Pour les partis politiques, les citoyens "d'origine maghrébine
ou noire africaine" semblent avoir une compétence particulière pour
"l'intégration" (4 attributions en comptant la "cohésion nationale"),
la citoyenneté (3)… mais peu pour les finances, l'économie ou les
affaires étrangères.
Dans la lutte contre les discriminations politiques, beaucoup
reste à faire. Il y a tout d'abord la lutte contre la première
discrimination politique, celle qui écarte les résidents étrangers des
élections et c'est la lutte pour la résidence comme critère
d'attribution de la citoyenneté à coté de la nationalité. Mais une fois
cette étape franchie, et ce n'est probablement pour demain, d'autres
discriminations n'en continueront pas moins à subsister dans la
société, dans la vie quotidienne mais aussi dans les sphères
politiques.
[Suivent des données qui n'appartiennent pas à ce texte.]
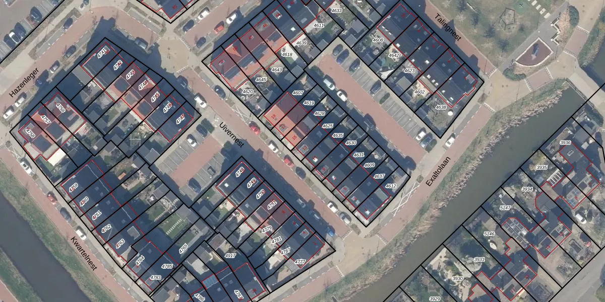 Het perceel waarop Uivernest 13 staat heeft een oppervlakte van 106 m². Dit is een middelgroot perceel. De perceeloppervlakte wordt geregistreerd door het Kadaster. Gedetailleerde informatie over de maten van dit perceel kunt u vinden in het rapport Kadastrale kaart met maatvoering van Uivernest 13.
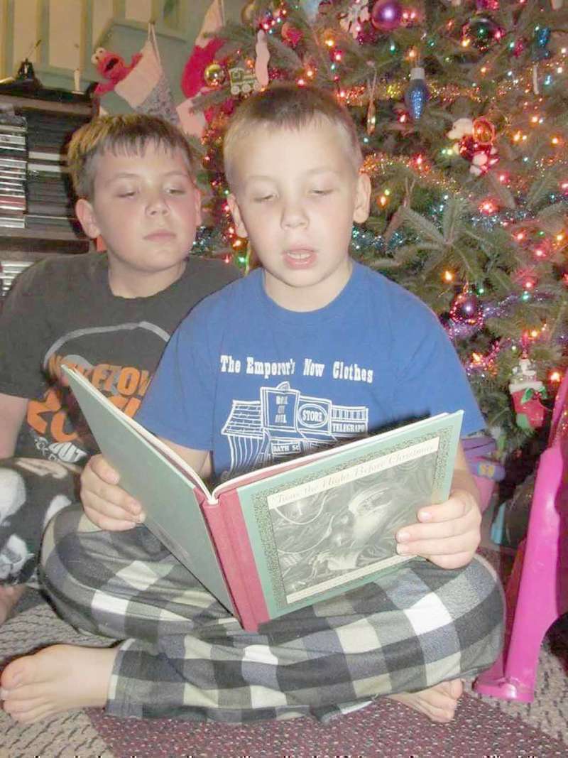 Izyck and Blake Archer of Dennysville sit in front of their family’s Christmas tree every year for the family tradition of reading Twas the Night Before Christmas aloud. Photo courtesy Alison Archer.
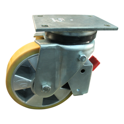 Dies ist eine Lenkrolle aus Stahl. Diese Rolle hat eine Radbremse. Dies kann mit Befestigingsart „Platte“ befestigt werden. Die Bauhöhe beträgt 207 mm. Das Material der Felge ist Aluminium und der Lauffläche PU (Farbe RAL 1005 Honiggelb). Das Rad hat einen Durchmesser von 175 mm und eine Breite von 50 mm. Die Tragfähigkeit beträgt 600 kilo. Der Lagertyp: Kugellager. Rollers.de hat dieses Produkt in die folgenden Kategorien eingeteilt: Rollbehälter Rollen, Müllcontainer Rollen, Schwerlastlenkrollen mit Axiallager, Lenkrollen 500 kg, Schwerlastrollen, Lenkrollen 175 mm, PU Rollen, Polyurethan Rollen, Transportrollen, Lenkrollen mit Bremse, Schwerlastlenkrollen, Lenkrollen.
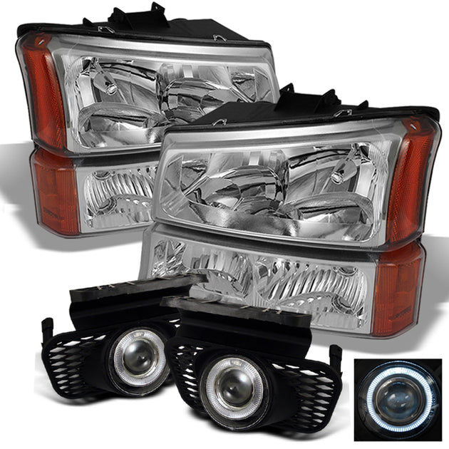 AKKON - For 2003-2006 Silverado Avalanche Pickup Truck OE Replacement Chrome Headlights +Bumper Lamp+ Halo Projector Fog Lights
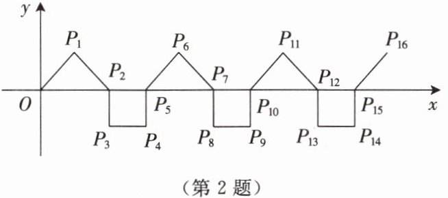 2. 如图所示,在平面直角坐标系中,动点P从原点出发,第1次运动到点$P_{1}(1,1)$,第2次运动到点$P_{2}(2,0)$,第3次运动到点$P_{3}(2,-1)$,第4次运动到点$P_{4}(3,-1)$,第5次运动到点$P_{5}(3,0)$……按这样的运动规律,点$P_{28}$的坐标是()
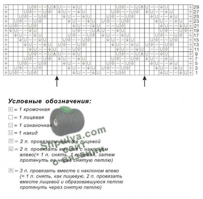 Узор «Ромбы». Количество петель кратно 18 + 1 п. + 2 кромочные. Вязать по схеме. На ней приведены только лицевые ряды; в изнаночных рядах петли вязать по рисунку, накиды провязывать изнаночными. Начать с петель перед правой стрелкой, раппорт между стрелками постоянно повторять и закончить петлями после левой стрелки.
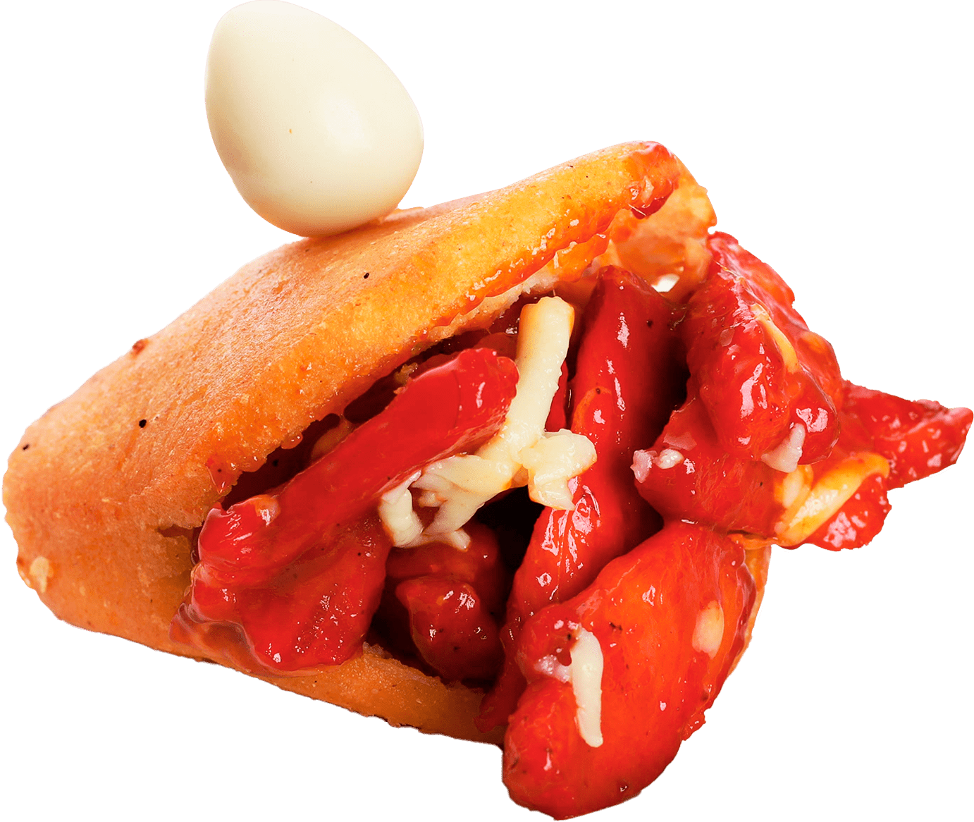 Deliciosa arepa santandereana de maíz blanco especial rellena de exquisitas costillas de cerdo ahumadas bañadas en salsa BBQ con adición de trozos de quesillo doblé crema y huevo de codorniz.
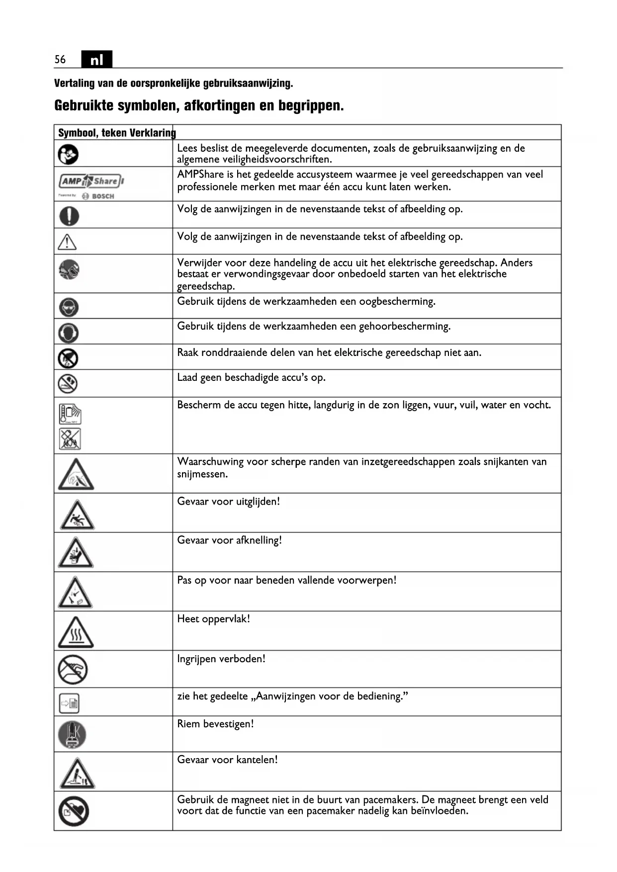 Vertaling van de oorspronkelijke gebruiksaanwijzing. Gebruikte symbolen, afkortingen en begrippen. Symbool, teken Verklaring Lees beslist de meegeleverde documenten, zoals de gebruiksaanwijzing en de algemene veiligheidsvoorschriften. AMPShare is het gedeelde accusysteem waarmee je veel gereedschappen van veel professionele merken met maar één accu kunt laten werken. Volg de aanwijzingen in de nevenstaande tekst of afbeelding op. Volg de aanwijzingen in de nevenstaande tekst of afbeelding op. Verwijder voor deze handeling de accu uit het elektrische gereedschap. Anders bestaat er verwondingsgevaar door onbedoeld starten van het elektrische gereedschap. Gebruik tijdens de werkzaamheden een oogbescherming. Gebruik tijdens de werkzaamheden een gehoorbescherming. Raak ronddraaiende delen van het elektrische gereedschap niet aan. Laad geen beschadigde accu’s op. Bescherm de accu tegen hitte, langdurig in de zon liggen, vuur, vuil, water en vocht. Waarschuwing voor scherpe randen van inzetgereedschappen zoals snijkanten van snijmessen. Gevaar voor uitglijden! Gevaar voor afknelling! Pas op voor naar beneden vallende voorwerpen! Heet oppervlak! Ingrijpen verboden! zie het gedeelte „Aanwijzingen voor de bediening.” Riem bevestigen! Gevaar voor kantelen! Gebruik de magneet niet in de buurt van pacemakers. De magneet brengt een veld voort dat de functie van een pacemaker nadelig kan beïnvloeden. max.50°C57
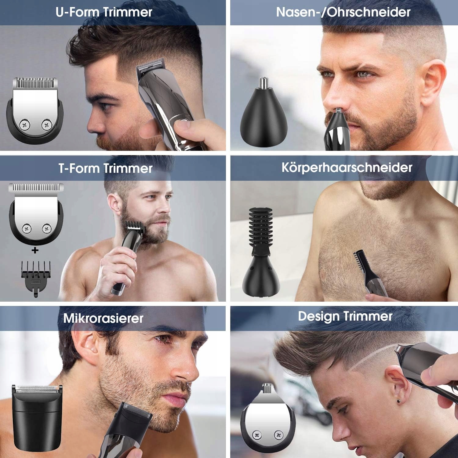 - Многофункциональный набор для ухода за волосами: многофункциональная машинка для стрижки волос VESSTT оснащена 6 различными бритвенными головками и 5 насадками, так что у вас есть устройство для всего: Т-образного и U-образного триммера, микробритвы, носика для стрижки волос. триммер для волос, триммер и триммер для волос на теле, позволяет брить бороду, удалять волосы из ушей, носа и тела, укладывать бакенбарды, гравировать волосы. Благодаря этому прибор VESSTT вам понадобится только для ежедневного ухода за волосами.
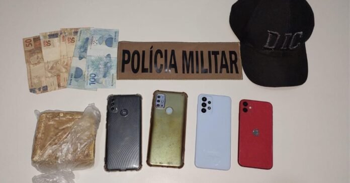 Apreendidos aparelhos celulares, o dinheiro encontrado e o veículo objeto de transporte do entorpecente, sendo entregues na Delegacia, juntamente com os envolvidos para as providências cabíveis
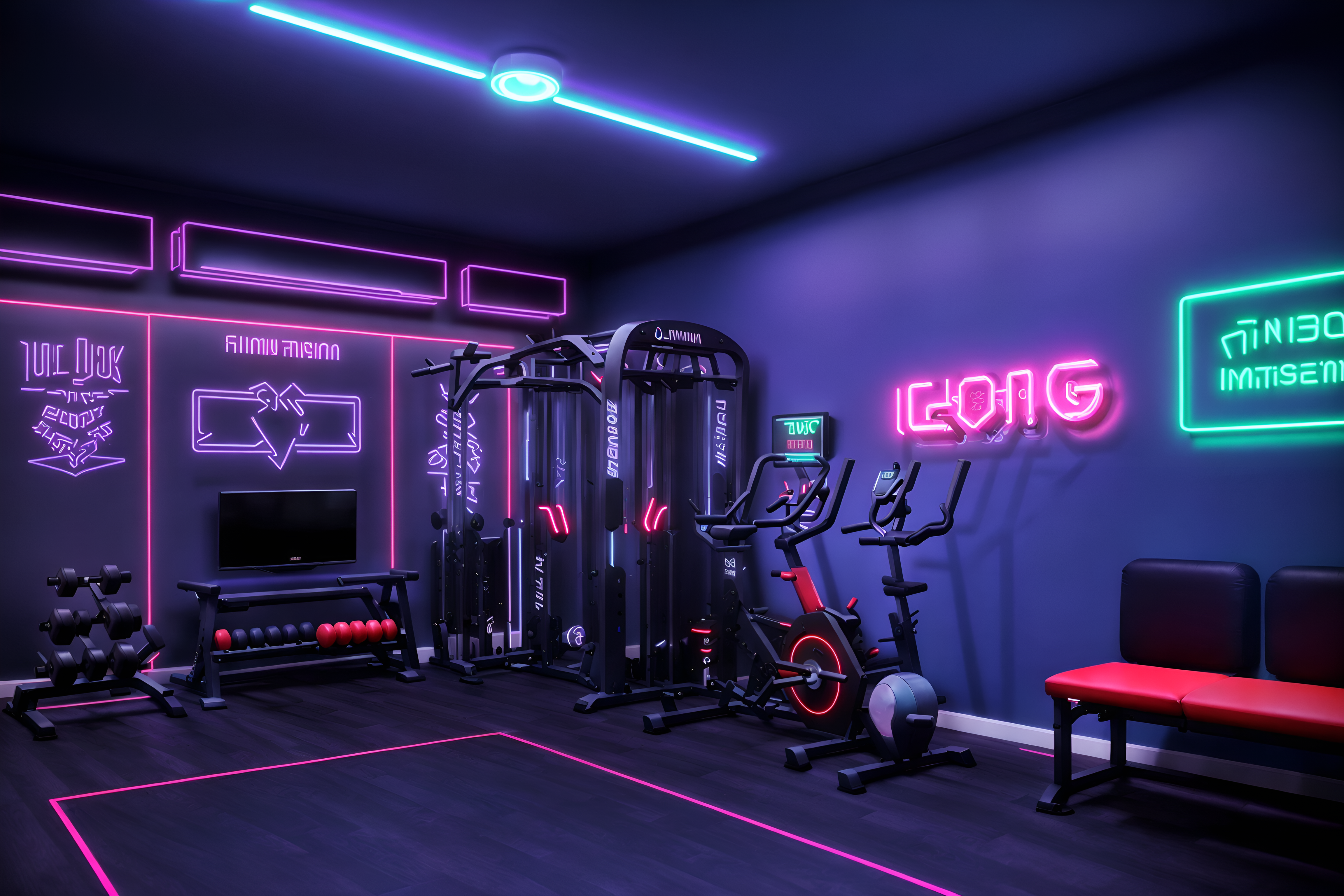 photo from pinterest of gaming room-style interior designed (fitness gym interior) with dumbbell stand and bench press and squat rack and crosstrainer and exercise bicycle and dumbbell stand. . with neon letters on wall and neon lights and purple, red and blue fade light and speakers and dark room and dark walls and multiple displays and purple and red lights. . cinematic photo, highly detailed, cinematic lighting, ultra-detailed, ultrarealistic, photorealism, 8k. trending on pinterest. gaming room interior design style. masterpiece, cinematic light, ultrarealistic+, photorealistic+, 8k, raw photo, realistic, sharp focus on eyes, (symmetrical eyes), (intact eyes), hyperrealistic, highest quality, best quality, , highly detailed, masterpiece, best quality, extremely detailed 8k wallpaper, masterpiece, best quality, ultra-detailed, best shadow, detailed background, detailed face, detailed eyes, high contrast, best illumination, detailed face, dulux, caustic, dynamic angle, detailed glow. dramatic lighting. highly detailed, insanely detailed hair, symmetrical, intricate details, professionally retouched, 8k high definition. strong bokeh. award winning photo.

On le voit bien en constatant que des nationaux "d'origine
maghrébine ou noire africaine" n'occupent pas la place qui leur revient
"statistiquement".
Un important travail reste à faire. Des partis sur eux mêmes
pour lutter contre les discriminations en leur propre sein quels qu'en
soient les motifs. Mais aussi de la part des militants d'origine
africaine qui doivent s'engager dans les partis politiques.